Fiquei ali por um tempo, uma espectadora da incompreensível troca entre Rosamia e a Princesa Chocolat, até que finalmente o Príncipe Robert deu início a uma conversa séria.

— Decidi desistir de me casar com ela.

— É mesmo? Bem, então…

— Digo, na verdade acho que não tenho outra escolha a não ser desistir.

— …

Ela não parece ter olhos para ninguém além de Rosamia.

— Além disso, agora preciso voltar ao meu país e fazer algo.

— Eh?

— Estou pensando em legalizar o casamento entre pessoas do mesmo sexo.

— Ah, então é isso?

— Essa não é uma resposta muito entusiástica.

— É que me contive um pouco.

— Bem, mesmo agora ainda imagino que algumas pessoas irão se opor… No entanto, acredito que também existirão outras que estarão de acordo com o amor entre os gêneros.
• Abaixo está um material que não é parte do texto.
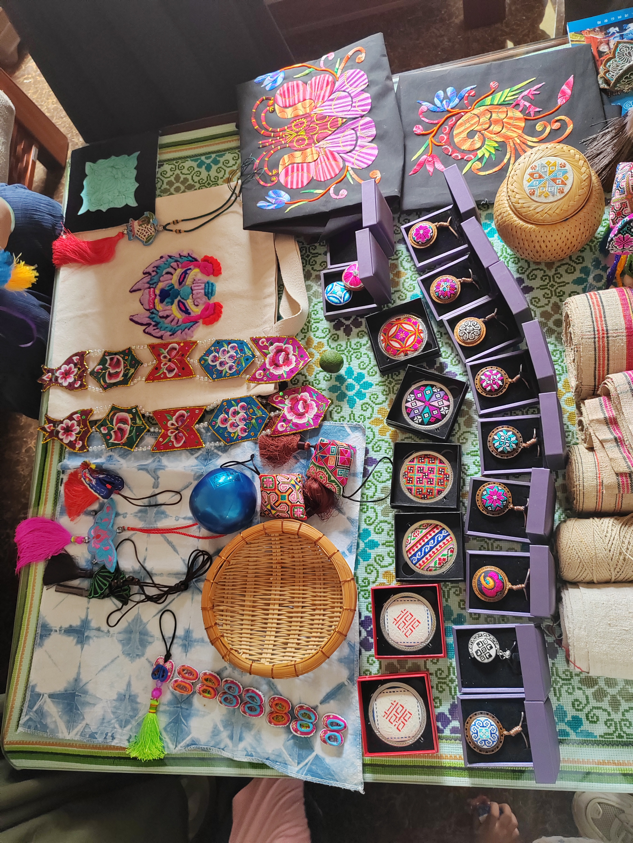 实践团一行人于7月9日下午专程前往彝绣非遗传承人张莉家中学习了解非遗民族文化。张老师家中成列了各式各样的彝绣产品,大到彝族服饰成衣,小到各类工艺产品都让实践团成员大开眼界。在彝族服饰成衣展架前,张老师细心地向实践团介绍了一套彝族服饰从设计调研、面辅料采买到工艺制作的过程。从“画”到“绣”再到“镶”,看似简单的三个步骤,需要一年多的时间才能成就一整套绚丽多彩的彝族服饰。看着桌上玲琅满目,制作精良的工艺品,作为ok138cn太阳集团529学生,实践团成员们对张老师的非遗工艺都非常感兴趣,纷纷向张老师请教学习,张老师也毫不吝啬地在现场传授自己的绣艺,交叉绣、平行绣、辫子绣、平绣……一针一法,张老师娓娓道来,通过手把手相传,实践团学习到很多平常难以接触到的绣法技艺,实践团此行收获颇丰。

Se nós, como país, pudermos reconhecer isso, tenho certeza de que o mundo ficará mais pacífico do que antes.

Entendo.

— E o que você realmente acha…?

— Amor entre duas mulheres… Incrível.

— …

Quando fiquei em silêncio, os sons das duas garotas se pegando encheram o ar. Foi como se elas tivessem sido levadas para seu paraíso particular.

Mesmo se eu parasse de viajar no futuro e me estabelecesse em um país em algum lugar, não acho que escolheria viver em nenhuma das pontas dessa estrada.

— Ah, lembrei — falei, gritando para parar o Príncipe Robert, que tinha começado a se afastar.

Ele se virou, sorrindo brilhantemente (mas ainda encharcado de sangue).

— O que é?

— … — O encarei e estendi minha mão.

— Hã? O que é isso? — Parecia que minha intenção não estava clara, pois ele inclinou a cabeça, confuso.

— Dez moedas de ouro, por favor — falei com um sorriso. — Como prometido, encontrei a princesa.

Algum tempo depois, em um país diferente, ouvi um boato sobre a Cidade Cata-Vento e a Cidade Roda D’água. Ambos os países agora reconheciam plenamente as relações entre pessoas do mesmo sexo, e cada uma havia feito seu próprio grau de progresso.

Parecia que as relações diplomáticas entre as duas cidades estava no mínimo florescendo.

E graças ao casamento da princesa da Cidade Cata-Vento com outra mulher, outros casais do mesmo sexo, que vinham mantendo seu amor em segredo, começaram a tornar tudo público.

Na Cidade Roda D’água, o príncipe fez um grande anúncio para encorajar esses casamentos: “Vamos subsidiar qualquer mulher que queira se casar com outra mulher!” Como resultado, os casais fizeram fila para estabelecer casamentos de fachada, o que aparentemente estava causando muitos problemas.

Dessa forma, os países que antes não tinham nada a oferecer além de rodas d’água e cata-ventos adquiriram algumas peculiaridades.

Ouvi dizer que estavam recebendo muitas visitas.

No entanto, a população parecia estar diminuindo.

Por que será que isso estava acontecendo?